Federalist Paper by James Madison

Federalist No. 49 is an essay by James Madison, the forty-ninth of The Federalist Papers. It was first published by The New York Packet on February 2, 1788, under the pseudonym "Publius", the name under which all The Federalist papers were published. It is titled "Method of Guarding Against the Encroachments of Any One Department of Government by Appealing to the People Through a Convention".

== Summary ==
In this essay, Madison, writing as Publius, confronts directly some of the ideas raised by Thomas Jefferson in his Notes on the State of Virginia. Jefferson's provision in question reads: "whenever any two of the three branches of government shall concur in opinion, each by the voices of two thirds of their whole number, that a convention is necessary for altering the Constitution, or correcting breaches of it, a convention shall be called for the purpose." Madison begins by agreeing that there is logic to the idea of allowing the people to appeal through the use of a convention, but then explains that it would be unworkable and contradictory to the proposed Constitution.

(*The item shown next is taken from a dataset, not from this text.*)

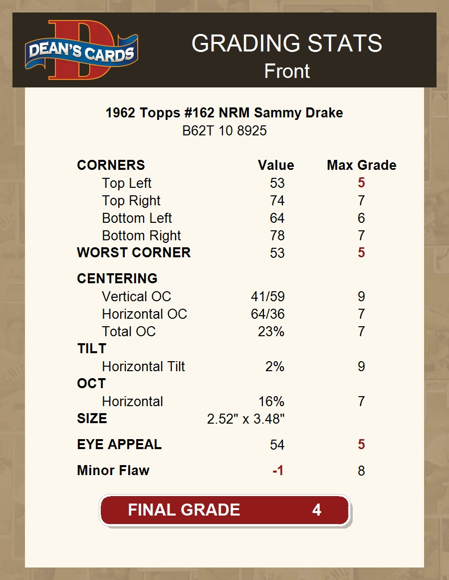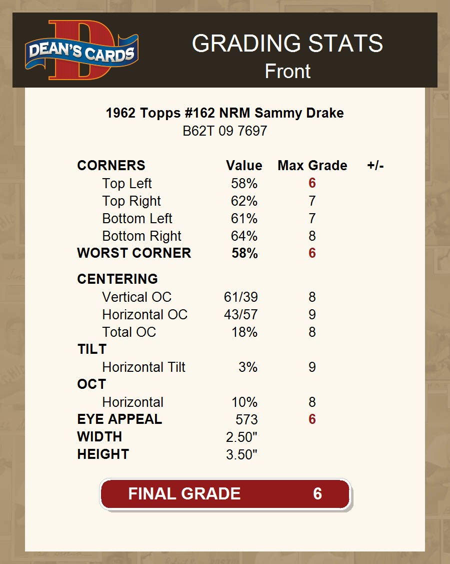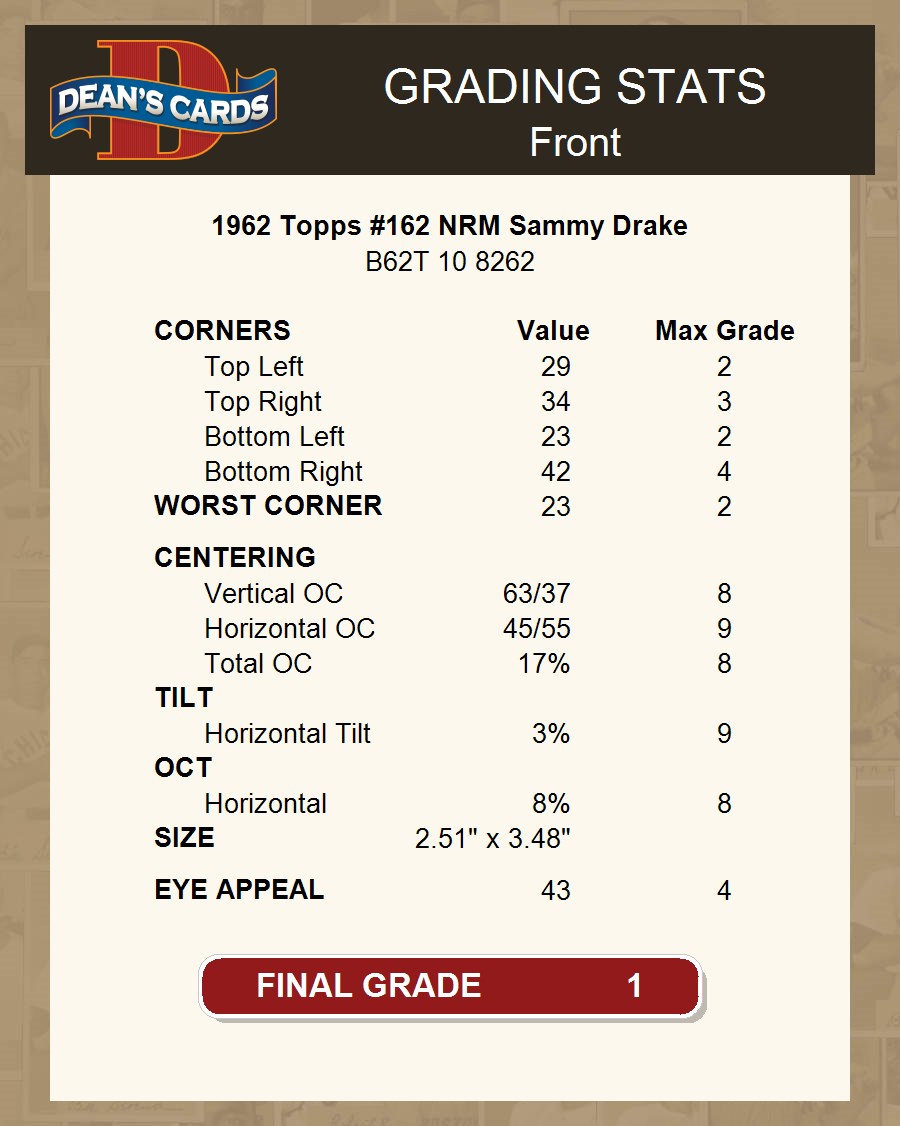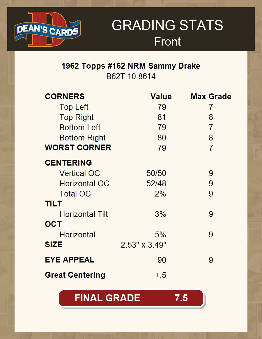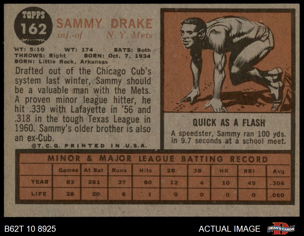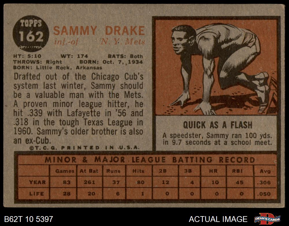 1962 Topps #162 NRM Sammy Drake
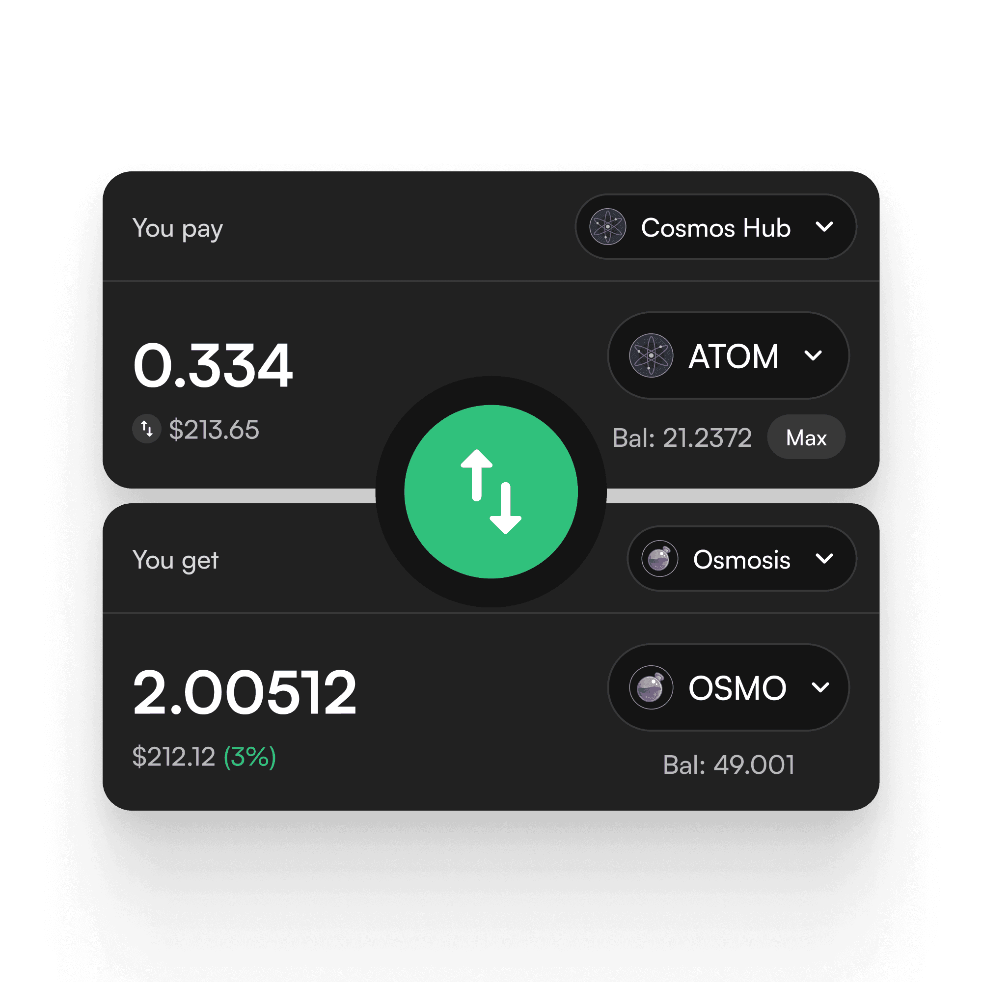 - Built-in staking flows for the Cosmos ecosystem.

Madison explains that allowing the proposed conventions would allow the "public passions" to disturb the "public tranquility." He explains that it would suggest a "defect" in the actions of the government, one that may erode the government completely. Madison then reminds his audience that it is a moment of public passion that has caused the drafters to write the proposed United States Constitution, and that it would be impractical to provide the opportunity for constant change once it is ratified.

Madison also reasons that providing for a constitutional convention when any two of the three branches concur that one should be held is not as safeguarding as may seem. He notes that the Executive Branch and Judicial Branch of the proposed government are both made of a small number of people, and points out that a small number of people could prompt the need for a convention. Instead, Madison explains, the proposed Constitution provides for a Legislative Branch consisting of many representatives, which can provide a check on the other two branches, and vice versa.

Based on these reasons, Madison concludes that "appeals to the people would be neither a proper nor an effectual provision."

Madison also contended for government transparency, claiming that "road to the decision of the people ought to be marked out and kept open."